FAMILY PEOPLE: This is a great dinner option for your fam. Depending on the size of your gang, you may have to double the recipe. On Sunday, you can prep the recipe for Meatball Monday in your home. You can also double the recipe, serve 1/2 for dinner and pack the leftover balls as lunch for your family.
NOTE: If you do not like any of the greens/herbs in this recipe, like cilantro, remove it and double up on one of the other greens/herbs.
All Green Meatballs
Prep Time: 10 minutes
Cooking Time: 10 minutes
Yields: 4 servings
Ingredients:
1 1/2 Cups Spinach, chopped
1 Cup Kale, chopped
½ Bunch Parsley, chopped
½ Bunch Cilantro, chopped
1 Egg, mixed or 2 egg whites
1 Tablespoon Dijon Mustard
½ Tablespoon Coconut flour or 1.5 Tablespoons Almond Flour
½ Teaspoon, plus 2 pinches Pink salt
½ Teaspoon Garlic granules
½ Teaspoon Pepper
1 Pound Ground turkey*, chicken*, beef or lamb.

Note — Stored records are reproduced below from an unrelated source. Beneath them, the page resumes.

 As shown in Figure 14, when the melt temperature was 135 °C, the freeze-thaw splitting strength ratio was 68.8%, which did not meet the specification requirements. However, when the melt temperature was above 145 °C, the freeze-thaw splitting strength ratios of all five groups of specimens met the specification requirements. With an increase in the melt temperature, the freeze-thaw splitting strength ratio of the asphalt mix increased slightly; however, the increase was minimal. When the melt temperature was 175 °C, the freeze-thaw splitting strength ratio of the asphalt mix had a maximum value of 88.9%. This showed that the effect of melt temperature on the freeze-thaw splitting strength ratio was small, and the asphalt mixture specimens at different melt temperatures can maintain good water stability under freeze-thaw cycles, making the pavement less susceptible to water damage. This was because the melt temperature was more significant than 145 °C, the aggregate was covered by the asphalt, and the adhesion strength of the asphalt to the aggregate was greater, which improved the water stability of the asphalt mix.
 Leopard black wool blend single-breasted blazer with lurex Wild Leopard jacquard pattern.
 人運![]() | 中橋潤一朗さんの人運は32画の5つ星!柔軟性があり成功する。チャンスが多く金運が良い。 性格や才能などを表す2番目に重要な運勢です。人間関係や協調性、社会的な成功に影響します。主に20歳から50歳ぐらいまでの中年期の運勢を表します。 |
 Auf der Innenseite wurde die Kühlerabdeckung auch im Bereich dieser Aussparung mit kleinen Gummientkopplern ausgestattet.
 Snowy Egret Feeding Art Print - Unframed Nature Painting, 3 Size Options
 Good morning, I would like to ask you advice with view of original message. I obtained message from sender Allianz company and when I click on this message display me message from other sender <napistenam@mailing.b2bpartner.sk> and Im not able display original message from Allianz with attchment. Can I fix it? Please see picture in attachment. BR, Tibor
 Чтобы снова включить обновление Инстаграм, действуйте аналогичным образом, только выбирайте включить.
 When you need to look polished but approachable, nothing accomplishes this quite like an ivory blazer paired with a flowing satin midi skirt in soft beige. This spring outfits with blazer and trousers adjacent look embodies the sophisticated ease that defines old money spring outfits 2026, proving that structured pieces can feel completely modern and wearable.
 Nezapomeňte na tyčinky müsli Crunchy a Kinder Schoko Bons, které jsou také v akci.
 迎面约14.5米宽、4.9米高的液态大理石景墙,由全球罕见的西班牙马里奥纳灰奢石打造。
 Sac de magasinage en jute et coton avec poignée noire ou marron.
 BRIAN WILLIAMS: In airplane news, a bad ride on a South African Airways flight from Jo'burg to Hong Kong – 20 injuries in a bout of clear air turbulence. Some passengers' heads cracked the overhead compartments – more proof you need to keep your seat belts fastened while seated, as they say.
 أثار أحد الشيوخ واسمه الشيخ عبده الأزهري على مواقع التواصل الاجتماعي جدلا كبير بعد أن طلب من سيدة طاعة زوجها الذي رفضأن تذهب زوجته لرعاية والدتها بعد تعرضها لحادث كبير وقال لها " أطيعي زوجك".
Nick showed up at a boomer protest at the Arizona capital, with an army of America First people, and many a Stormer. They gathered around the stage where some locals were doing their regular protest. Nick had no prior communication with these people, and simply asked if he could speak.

Coconut oil for cooking (Do not put into meat ball)
* I prefer using dark meat for poultry because it is less dry, tastier and more filling.
Directions:
Pre-heat oven to 400 degrees.
Line baking sheet with parchment paper and spray with coconut oil.
Chop spinach, kale, parsley and cilantro.
Heat a pan with some oil and cook spinach, kale, parsley and cilantro. Season with 2-3 pinches of salt. Set aside and let cool.
Crack egg into a large bowl, add mustard and whisk. Add spinach, kale, parsley, cilantro, flour, salt, garlic and pepper to egg. Mix well and then add meat. Knead well by hand until the ingredients are thoroughly combined, but do not over-mix.
Divide the mixture into 12 equal portions, about 1/4 cup each. Wet hands and roll each portion into a ball. If the meat starts to stick to your hands, wet them again.
Place balls onto the baking sheet and place in oven. Bake for 20 minutes or until internal temp reaches 165 degrees.